Exact transcription of the data below is required, without the images.

_The data:_
----

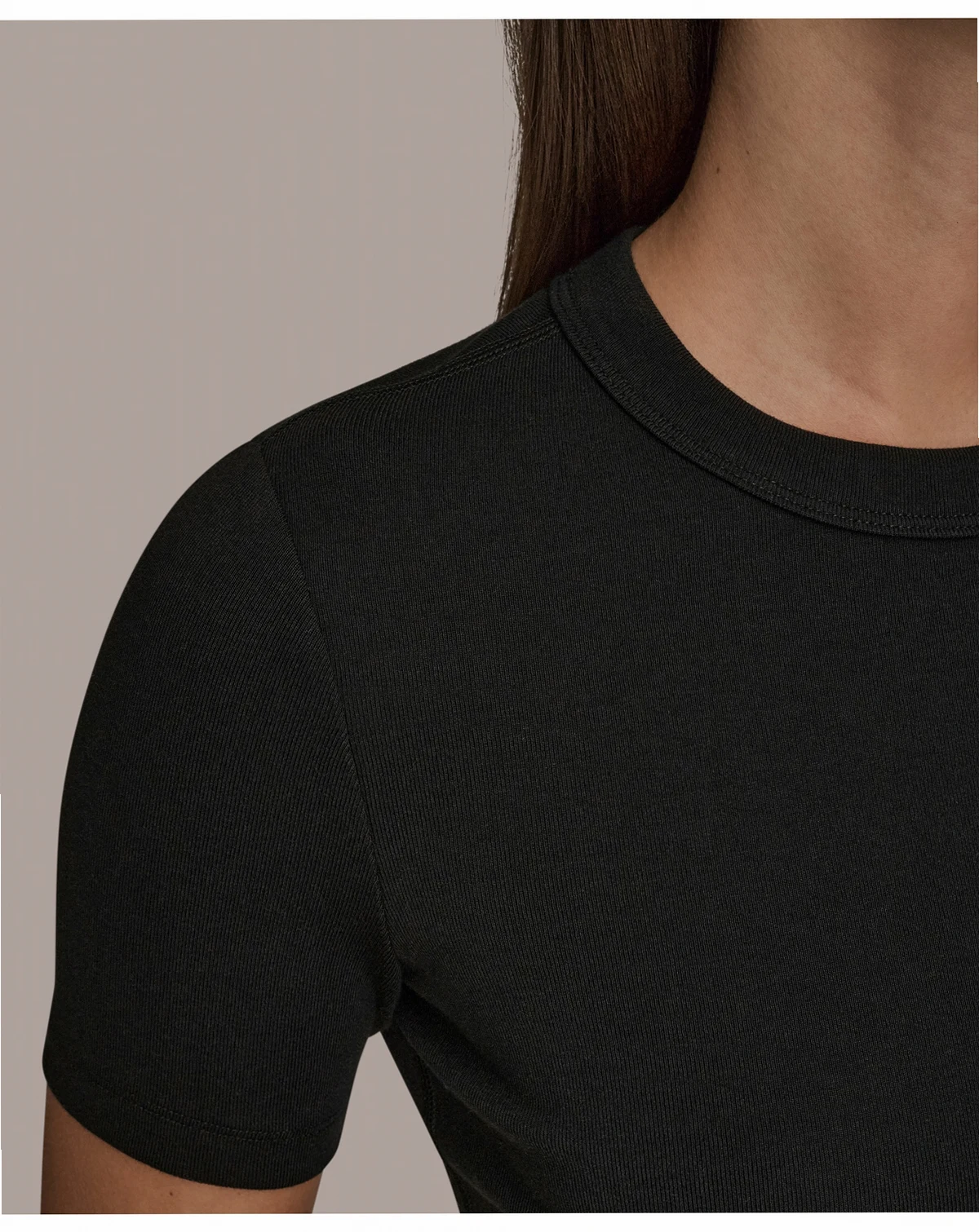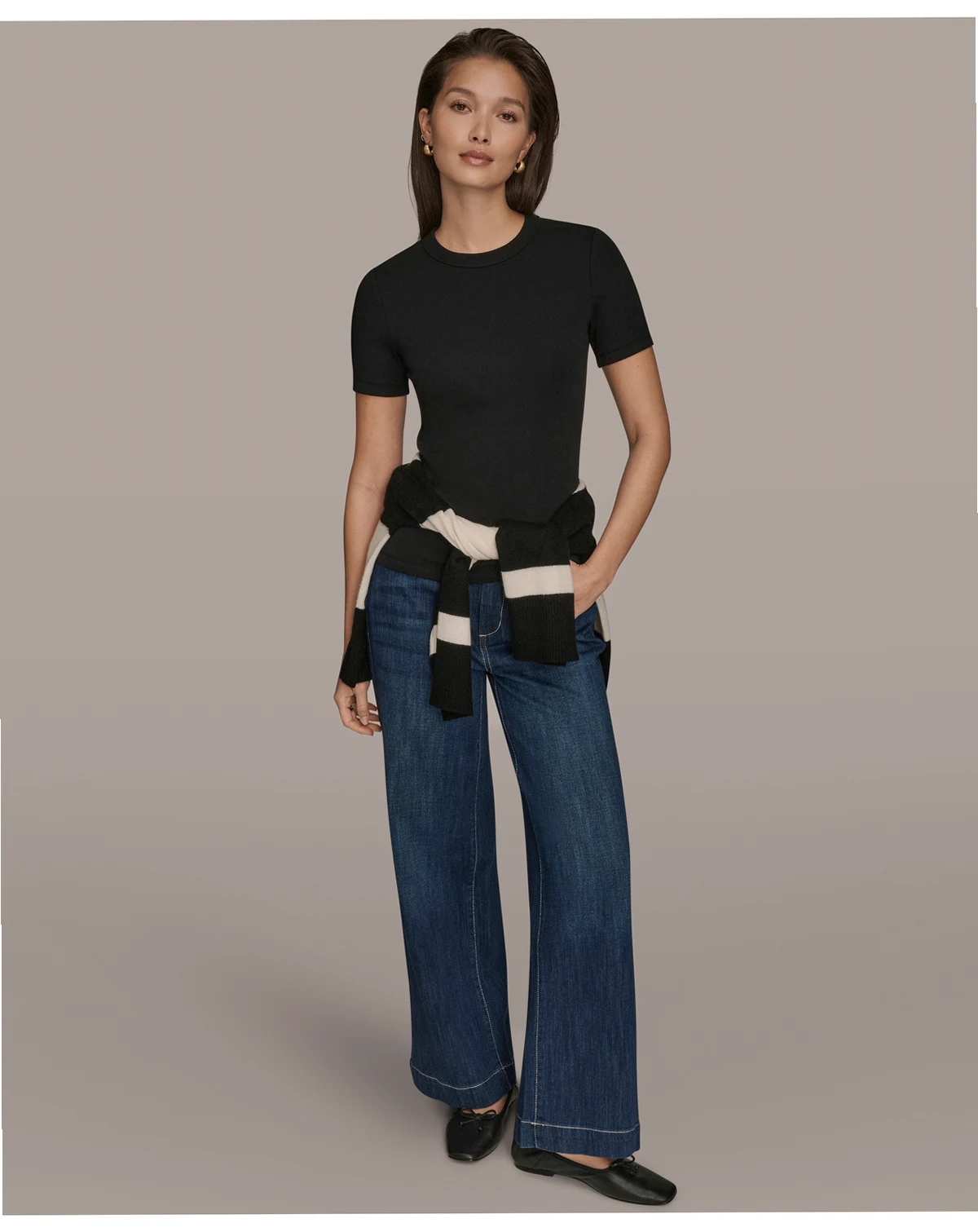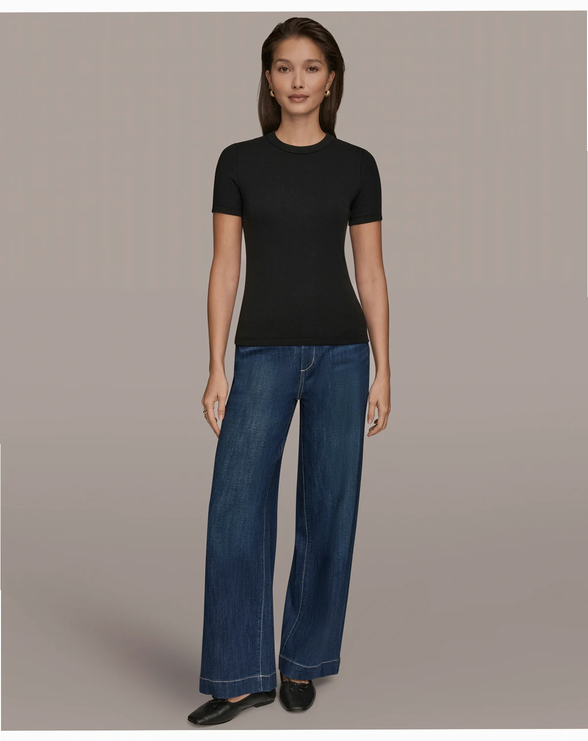 Casual sophistication defines the Donna Karan New York Women's Rib Short-Sleeve Crewneck T-Shirt, featuring a soft ribbed knit, classic crewneck, and short sleeves. Perfect for layering, weekend errands, or relaxing during vacation.
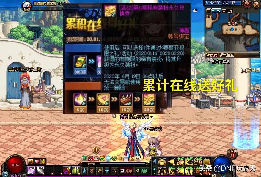 (1)累计在线得好礼活动,要求玩家每日在线2小时,累计在线20天,最后可以获得一个天空永久升级券,活动时间是到2月20日截止,也就是说共有35天时间,其中任意20天在线2小时,就可以入手一件永久天空!要走亲访友的,一定要计算好时间!
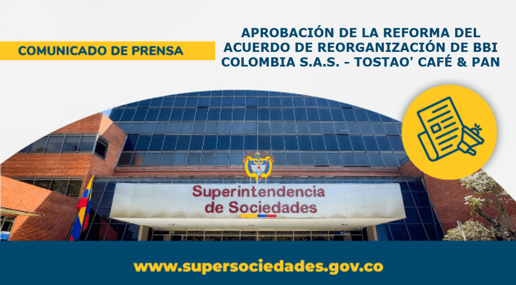 La Superintendencia de Sociedades aprobó el 28 de mayo de 2025 la reforma al acuerdo de reorganización de BBI Colombia S.A.S., operadora de Tostao’ Café & Pan, según los artículos 31, 35 y 36 de la Ley 1116 de 2006. Esta decisión busca garantizar la continuidad operativa de la cadena, afectada desde 2020.
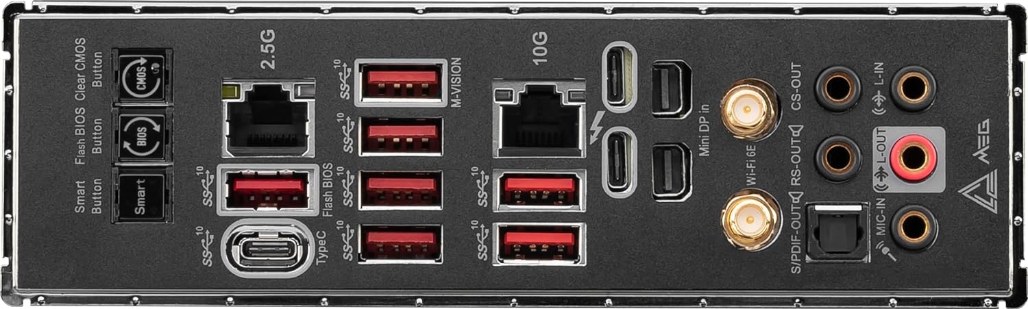 | BackPanel Ports | Clear CMOS Button Flash BIOS Button 2.5G LAN 10G Super LAN Thunderbolt 4 40Gbps (Type-C) Wi-Fi / Bluetooth Audio Connectors Smart Button USB 3.2 Gen 2 10Gbps (Type-C) USB 3.2 Gen 2 10Gbps (Type-A) Mini DisplayPort Input (for Thunderbolt passthrough) Optical S/PDIF-Out |

----

_Output below:_
 Casual sophistication defines the Donna Karan New York Women's Rib Short-Sleeve Crewneck T-Shirt, featuring a soft ribbed knit, classic crewneck, and short sleeves. Perfect for layering, weekend errands, or relaxing during vacation.
 (1)累计在线得好礼活动,要求玩家每日在线2小时,累计在线20天,最后可以获得一个天空永久升级券,活动时间是到2月20日截止,也就是说共有35天时间,其中任意20天在线2小时,就可以入手一件永久天空!要走亲访友的,一定要计算好时间!
 La Superintendencia de Sociedades aprobó el 28 de mayo de 2025 la reforma al acuerdo de reorganización de BBI Colombia S.A.S., operadora de Tostao’ Café & Pan, según los artículos 31, 35 y 36 de la Ley 1116 de 2006. Esta decisión busca garantizar la continuidad operativa de la cadena, afectada desde 2020.
 | BackPanel Ports | Clear CMOS Button Flash BIOS Button 2.5G LAN 10G Super LAN Thunderbolt 4 40Gbps (Type-C) Wi-Fi / Bluetooth Audio Connectors Smart Button USB 3.2 Gen 2 10Gbps (Type-C) USB 3.2 Gen 2 10Gbps (Type-A) Mini DisplayPort Input (for Thunderbolt passthrough) Optical S/PDIF-Out |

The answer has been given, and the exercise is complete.